原告は「真実の所得等を秘匿し、それが課税の対象となることを回避する意思」はなく、しかも、「積極的な所得等の秘匿工作及びそれと同視し得る不作為」も行っていないとの主張に対し、裁判所は、「真実の所得を隠蔽し、それが課税対象となることを回避するため、所得金額を殊更に過少に記載した内容虚偽の確定申告書を税務署長に提出する行為は『偽りその他不正の行為』に当たる」とし、所得税の過少申告が消費税等との関係における資産の譲渡等の秘匿工作に当たり、原告の行為が資産の譲渡等の秘匿工作を伴う不申告といえる」と認定し、「偽りその他不正の行為」に該当すると判断しました。
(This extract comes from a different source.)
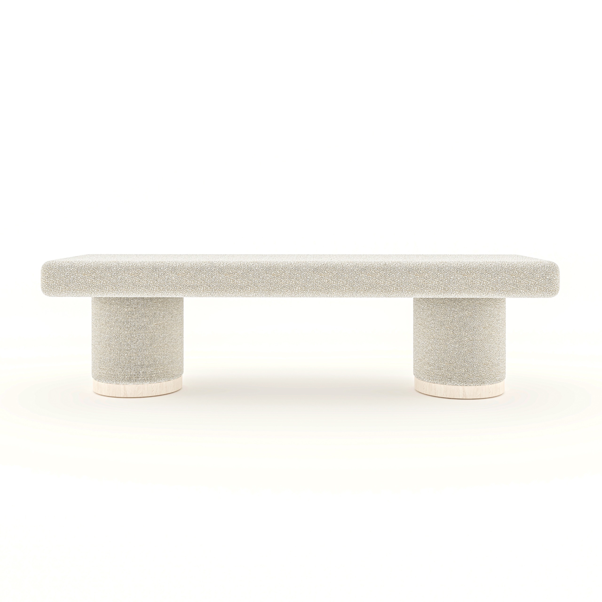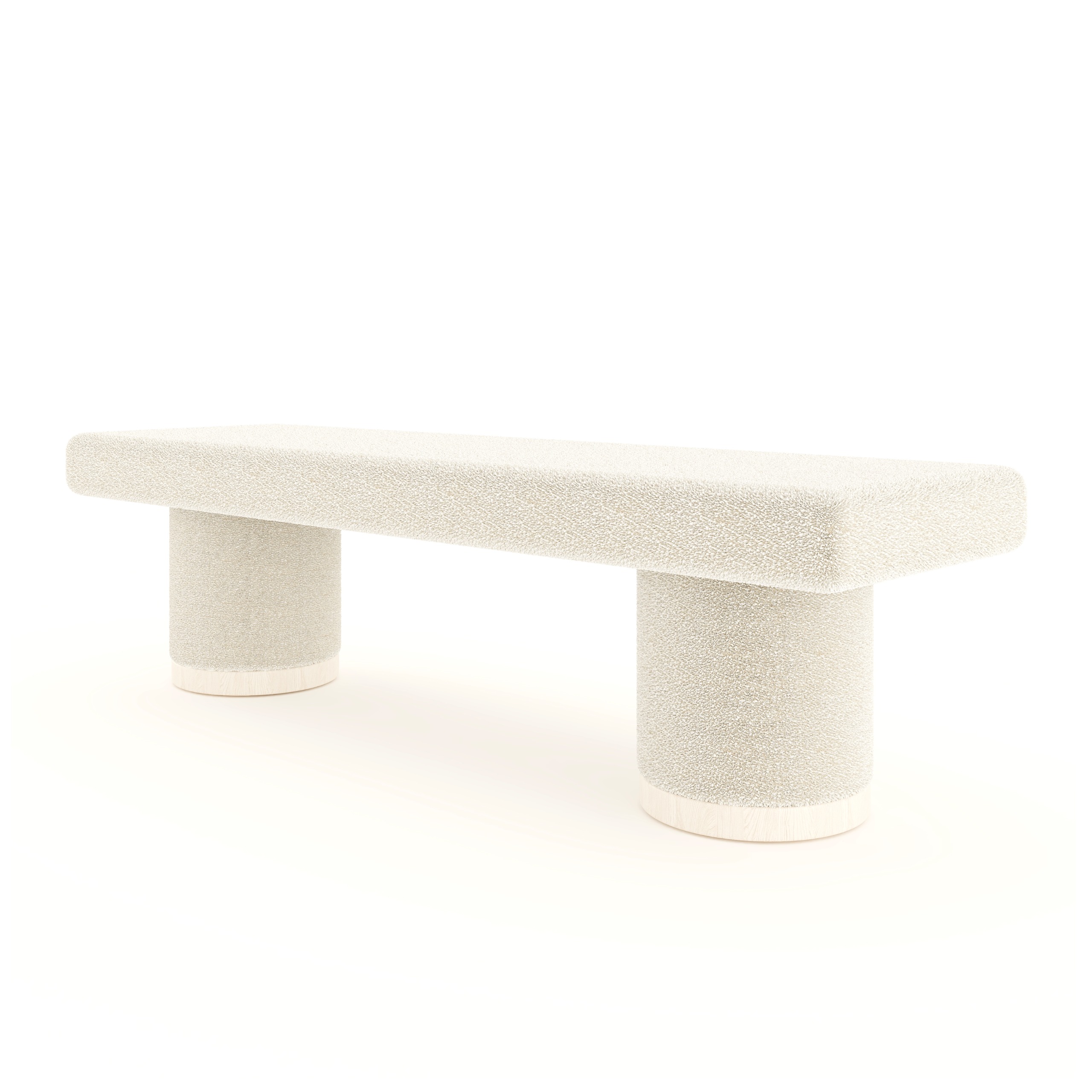 Bring an element of grounded sophistication to your interior with the “Terra Form Bench.” This distinctive piece features a substantial, rectilinear top upholstered in a richly textured, natural-toned fabric [Specify Fabric Type – e.g., organic cotton blend, nubby linen, textured wool] resting upon two solid, cylindrical supports finished with a refined [Specify Base Finish – e.g., smooth plaster effect, brushed metal band]. Handcrafted with care in the UAE, the “Terra Form Bench” embodies a harmonious blend of organic form and contemporary design. It serves beautifully as a statement seating element in hallways, living areas, adding a touch of understated European artistry to your home.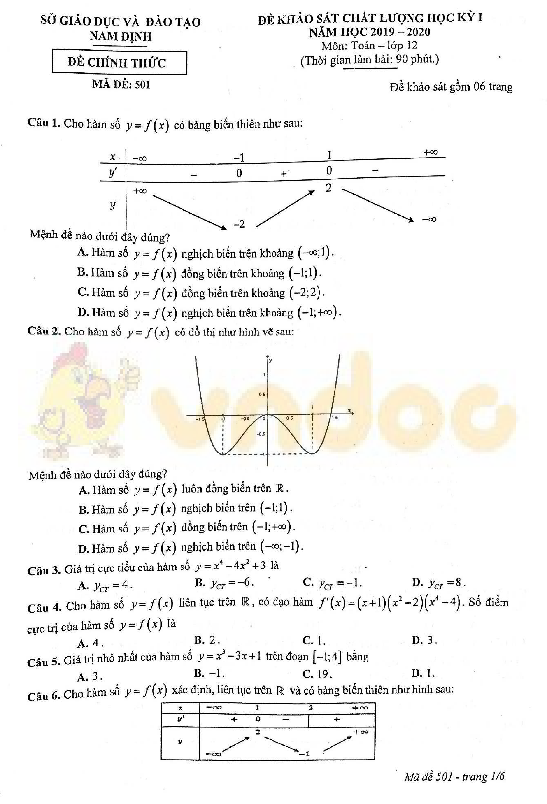 VnDoc.com vừa giới thiệu tới bạn đọc Đề thi học kì 1 lớp 12 môn Toán Sở GD&ĐT Nam Định năm học 2019-2020, mong rằng qua đây bạn đọc có thể học tập tốt hơn nhé. Mời bạn đọc cùng tham khảo thêm kiến thức các môn Ngữ văn 12, Tiếng Anh 12, đề thi học kì 2 lớp 12...

また、原告の「事業について納税の方法を理解していなかったから、本件事業に係る所得税及び消費税等について申告、納付をしていなかっただけである」、「事業について、法人でなければ申告できないと誤解していた」との主張についても、裁判所は、社会人として当然有すべき基本的知識の欠如を装った不合理な弁解として退けています。
このように、課税逃れの意図とそれを裏付ける行為が認定されれば「偽りその他不正の行為」に該当し、重加算税の適用対象となる。また、これに該当すれば、通則法70条4項により除斥期間は7年となるため、当該賦課決定処分も適法とされることになります。
本件は、意図的な所得隠しが消費税等にも波及することを示し、重加算税の根拠となる「偽りその他不正の行為」の解釈において重要な示唆を与えるものだと考えます。
「決算書の数字に見える人格」は過少申告行為、不申告行為にも表れます。
仮装や隠蔽の事実がなくても、『適正な申告をしない』明確な意図が認定され、その意図に基づく行為であれば、厳しいペナルティが科せられるのは公平性の観点から当然であり、いかなる主張も認められないといえます。